Она шла, а его сердце стучало все сильнее, молило: «Если он не решится, я поеду домой, пусть лучше струсит».
В первый момент никто ничего не заметил. Бацке шел за ней следом, казалось, проходя мимо, он слегка задел ее, как обычно задевают друг друга прохожие на улице, а затем до Куфальта донесся приглушенный, изумленный крик.
С коричневой сумкой в руке Бацке вбежал в переулок, и вдруг старуха громко закричала. Сбежались люди. И вот Куфальт видел только толпу, он больше не видел Бацке, а затем — как ни трудно ему было решиться на это — он вскочил на велосипед. Пронзительно засвистел полицейский, машины остановились, трамвай так резко затормозил, что взвизгнули колеса, он проскочил мимо него, свернул в переулок — Бацке не было, поехал в другой переулок, прямо, — нет Бацке, значит, все зря? Все напрасно?

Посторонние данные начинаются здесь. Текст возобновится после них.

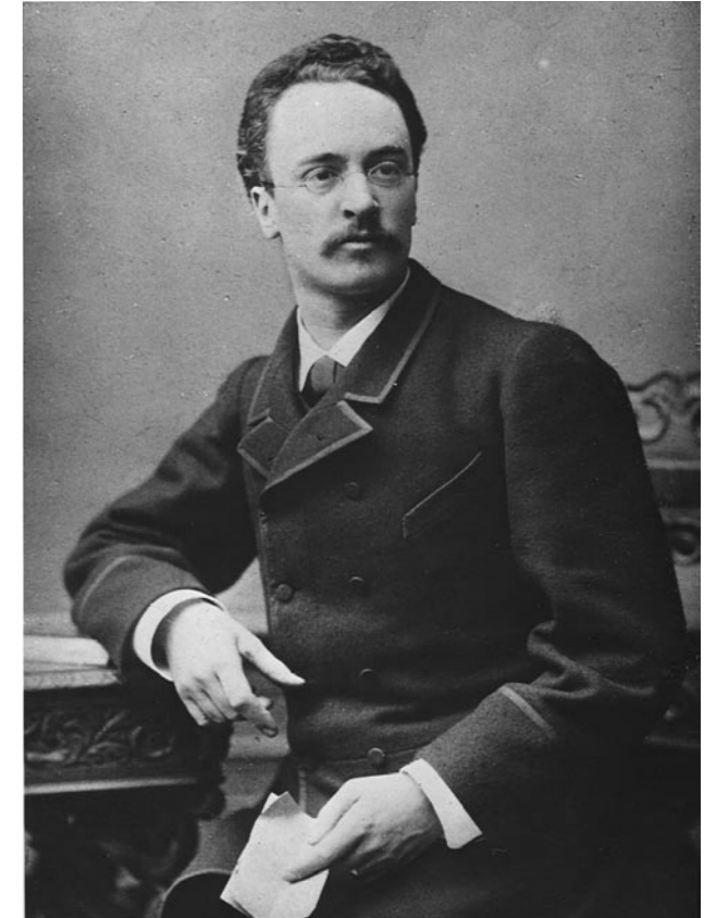
Rudolf Diesel (1858 – 1913) im Jahr 1883. Zu dieser Zeit arbeitete der junge Ingenieur als Repräsentant der Linde-Gesellschaft in Paris.

Nach der Jahrhundertwende wurde der sensible Rudolf Diesel von Rückschlägen zermürbt. Kunden schickten Motoren zurück, weil einzelne Teile wie Luftkompressor und Siebzerstäuber noch nicht robust genug waren. Konkurrenten verwickelten ihn in kräftezehrende Patentprozesse. Schneller als sein Vorbild Linde wurde Diesel reich – und genau so schnell verspielte er wieder seine Millionen bei erfolglosen Firmengründungen und -beteiligungen. Am 29. September 1913 ging Rudolf Diesel in Antwerpen an Bord eines Postdampfers, um nach Harwich überzusetzen. Am nächsten Morgen wurde er vermisst. Wochen später wurde seine Leiche gefunden. Wahrscheinlich hat der nervlich zerrüttete und finanziell ruinierte Rudolf Diesel Suizid begangen.

Ехать дальше не имело смысла. Он должен был давно увидеть Бацке! Все пропало! И все-таки он ехал дальше.
Нет! Не должно, не может все пропасть. Внезапно Куфальт понял: то, что он желал сегодня утром, не было началом воровской жизни, то было начало честного, спокойного, тихого существования в каком-нибудь маленьком городке далеко-далеко, может быть, с хорошей девушкой, которая нарожает ему детей. Нужно только немного деньжат, вот о каком начале он думал! Не может быть, чтобы все пропало зря!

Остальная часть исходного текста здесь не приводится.